Counseling Center, Office of Counseling and Health

Support for achieving academic and personal success
Annette J. Molyneux
Annette J. Molyneux

Tania Czarnecki
Tania Czarnecki

At no additional cost to them, undergraduate and graduate students enrolled full-time at Drexel can access confidential counseling services on a wide range of issues that support mental health. Some students want to talk about developmental issues, such as identity, academic stress or relationship concerns. Others might be dealing with depression, anxiety, sleep disruption, body-image and eating concerns, trauma and post-traumatic stress symptoms, substance abuse, grief or suicidal thoughts. Some are not sure what brings them into counseling, except that they have not been feeling like themselves, or might notice having difficulty keeping up academically or trouble sleeping. A therapist can help identify the concern and provide ways of coping and increase self-awareness.

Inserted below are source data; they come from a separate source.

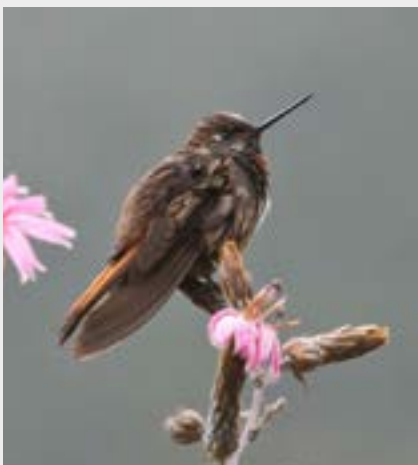
Aves de Apurímac, Peru © Nicolas Villalume para o Programa Florestas Andinas.

Estes são essenciais para a biodiversidade e os serviços ecossistêmicos.
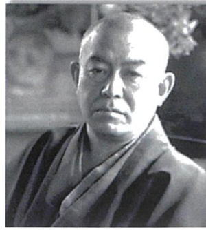
写真左上：路地と中門 上中：庭から母屋を望む 右上：書斎 左下：玄関 右下：谷崎潤一郎
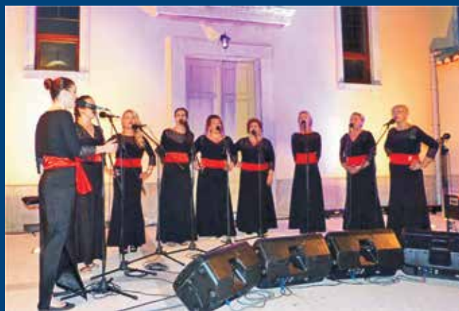
Vranjička klapa Tamarin po prvi je put gostovala na tradicionalnoj Smotri klapa Posle kampanela i oduševila brojnu publiku
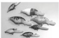
3Dプリンターで作る 釣り道具教室
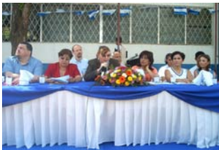
Lanzamiento del Manual de Prevención contra la Trata de Personas Instituto Benjamín Zeledón

Repatriación, Reinserción Escolar; con dicho proyecto piloto se dará atención y seguimiento aproximadamente de 5 a 7 casos en riesgo de trata de personas, asimismo se dará apoyo en la campaña de prevención y sensibilización a la población, en especial al sector mas vulnerable.
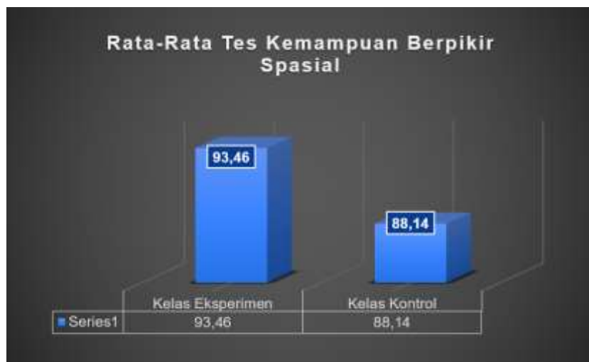
Gambar 2. Nilai Rata-Rata Kelas Eksperimen dan Kontrol

Berdasarkan rekapitulasi hasil yang terdapat pada tabel 6, teridentifikasi perolehan nilai rata-rata post-test kemampuan berpikir spasial antara kedua kelas memiliki perbedaan sebesar 6,03%. Hasil tersebut ditunjukkan dengan nilai rata-rata post-test kelas eksperimen (93,46) yang lebih unggul 5,32 dibandingkan dengan nilai rata-rata post-test kelas kontrol (88,14).
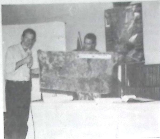
Secretário de Estado de Meio Ambiente, Egon Krackekke, que também participou do Encontro de Integração em Bela Vista

Enfatizando a execução de uma relação eficaz com o Brasil, o ministro do Interior do Paraguai, Walter Bower Montalto (foto), chamou a atenção dos participantes para importância que Mato Grosso do Sul tem na rota de integração bioceânica, que liga os oceanos Atlântico e Pacífico. "O Estado tem uma localização estratégica", analisou Montalto.
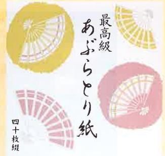
●T19-06 扇 40枚綴 90×90mm ¥300
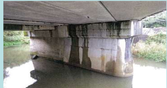
遊間部からの漏水状況
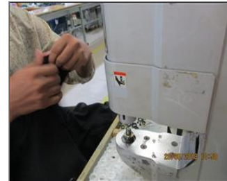
Photo of non-conformity Finger guard missing at snap button machine.JPG
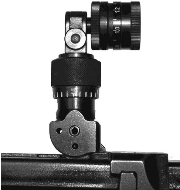
Bild 8: Irisblende zu Stgw 57 (mit und ohne Farb- und Polarisationsfilter), diverse Fabrikate

In 2020, Drexel’s Counseling Center scheduled approximately 10,000 individual and group therapy appointments and provided more than 150 outreach presentations to the Drexel community.

The COVID-19 pandemic created and highlighted a new set of issues for students, as well as compelling the Center to provide virtual and remote services in lieu of in-person visits that had been held in the Creese Student Center. During the pandemic, issues for students have included social isolation and loneliness, as well as anxiety and grief over the loss of a co-op and other experiences, having to move home (potentially with family who do not support their identities) and losing loved ones.

The Center also is growing its list of online resources which students might consult on their own. Recognizing that some students of color have been disproportionately affected by the pandemic, which shed light on long-standing systemic health and social inequities, the Center created a Coping with Discrimination, Hate and Violence page that outlines several support initiatives and resources.

“As anyone who has struggled will know, investing in mental health and wellness is essential to reaching one’s academic and personal success,” says Annette J. Molyneux, assistant vice president of student life, Office of Counseling and Health. “However, it still is necessary for us to work to destigmatize mental health issues and to more broadly promote and expand our wellness initiatives.”

Part of Drexel’s Office of Counseling and Health, the Center supports students with personal and psychological challenges that interfere with their ability to complete their academic goals. A breadth of services – including goal-focused individual therapy, same-day appointments, outreach programs, unlimited group therapy, three-session workshops, crisis intervention and consultation – assist students with embracing and maintaining their mental health.

Teletherapy appointments are available via HIPAA-compliant Zoom video chats between 8 a.m. and 5 p.m., Monday through Friday, with an emphasis on addressing a student’s immediate concerns and a particular focus on problem-solving and symptom management. In cases where a student may not be able to connect via Zoom, telephone sessions are offered as an alternative.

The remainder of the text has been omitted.